Six reasons consumables wear too soon

By Hypertherm
Posted on 03/10/2016 in SPARK the blog, Plasma cutting

Numerous engineering advances mean today’s plasma consumables are capable of lasting longer than ever before. Unfortunately, many businesses are not enjoying the cost savings longer consumable life can bring. Here are six reasons why their consumables may be wearing out sooner than expected.

1. They change consumables at the wrong time. Changing out consumables too soon is a common cause of excessive consumable use. Many businesses change consumables after a set number of pierces or during a shift change. The fact is consumable wear is application specific. Generally, standard all-copper electrodes should be replaced when the hafnium pit depth reaches 0.040 of an inch. Silver / hafnium interface electrodes can safely reach a pit depth of 0.080 of an inch.

2. Their torch is too far (or too close) to the workpiece. Proper pierce height is critical to long consumable life. If the height is too low, spatter blown back during piercing can destroy the nozzle after only a few starts. Piercing too high may cause excess pilot arcing and lead to premature nozzle damage. Proper pierce height is 1.5 to 2 times the correct torch-to-work distance.

3. Their arc stops at the wrong time. Make sure your torch remains over the plate when the cut ends. If the arc terminates abruptly because it runs off the plate, an excessive amount of hafnium can be ejected, translating into a loss of 10 to 15 arc starts.

4. Their gas supply is too low. Probably the most common cause of excessive consumable wear, low flow rates can lead to catastrophic, almost immediate, nozzle destruction by causing the pilot arc to attach to the inside of the nozzle orifice.

5. There isn't enough coolant flowing to the torch. Proper coolant flow is essential to proper consumable wear.
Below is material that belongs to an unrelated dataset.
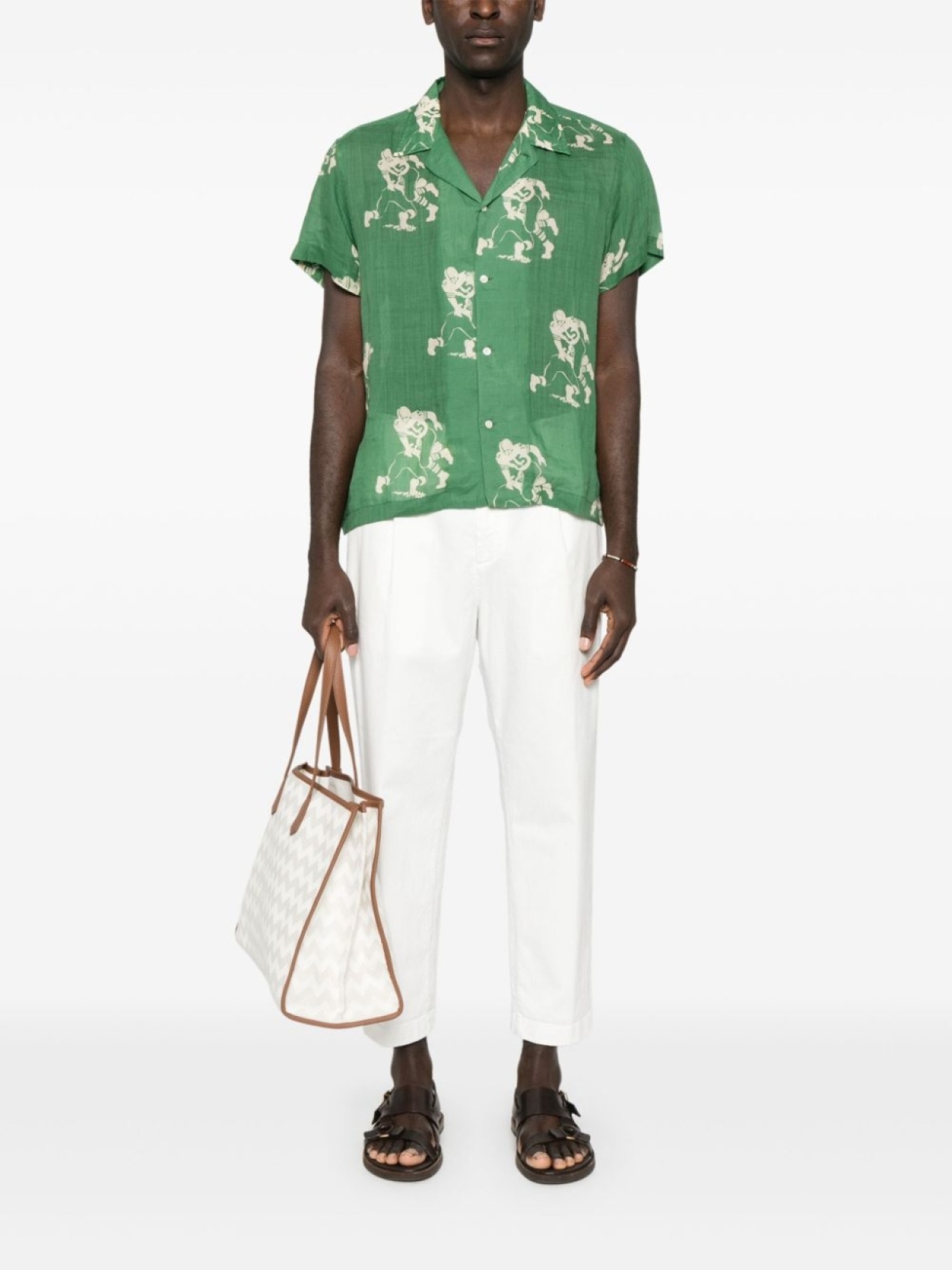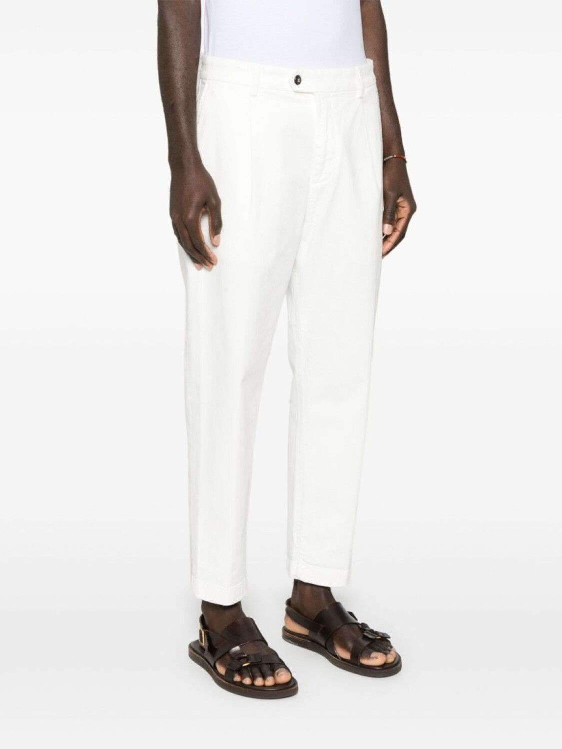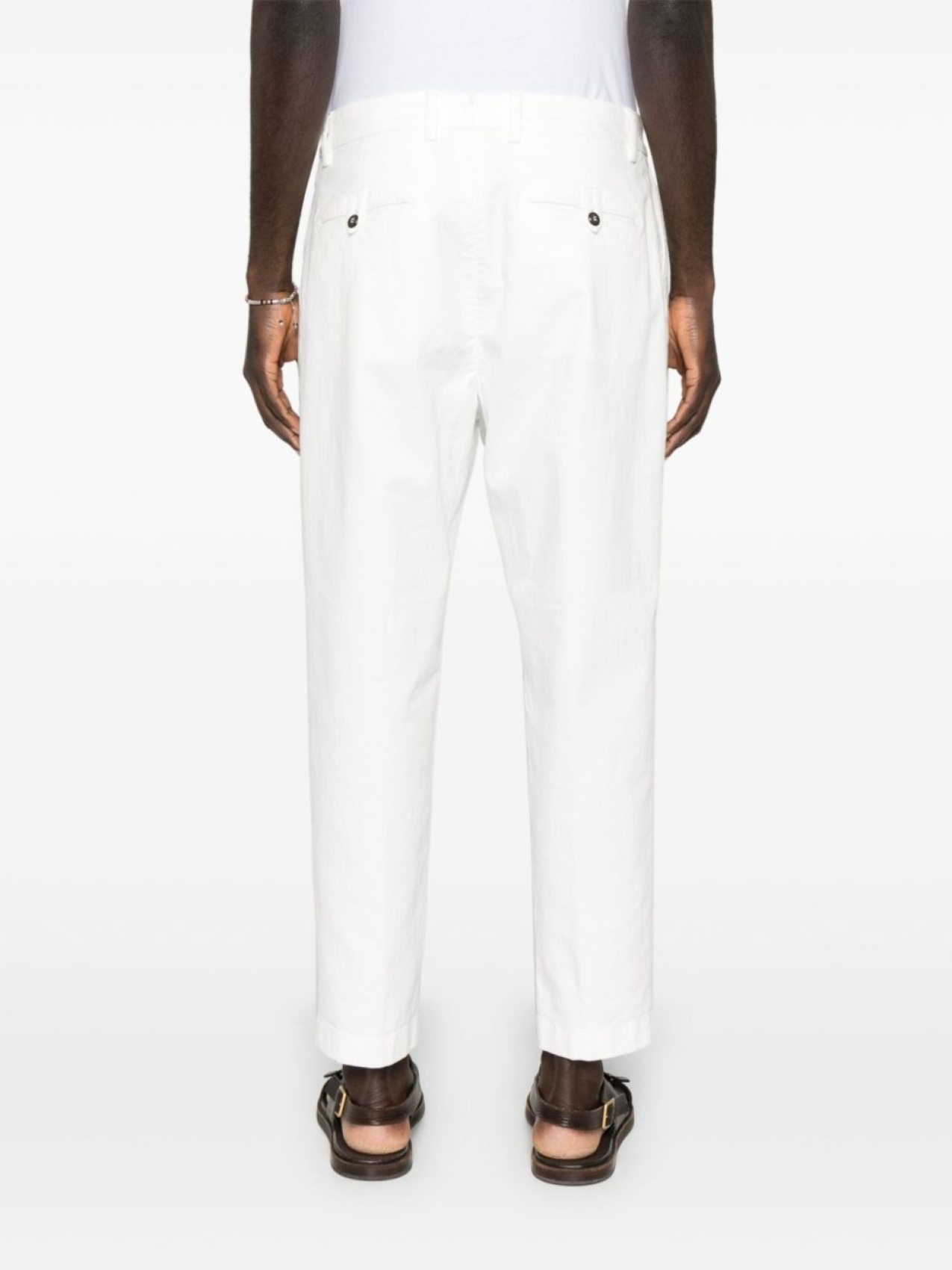 Белая потайная застежка на пуговицы и ширинку, шлевки для ремня, два прорезных кармана по бокам, два прорезных кармана сзади на пуговицах

Flow restrictions reduce consumable cooling, which results in excessive heat buildup in the consumables and more rapid erosion.

6. They don't have a good work cable connection. A good electrical connection is essential.  With a good connection, arc transfer occurs within 100 milliseconds. A poor connection can delay that to 1⁄2 second or more, causing excessive consumable wear and misfiring.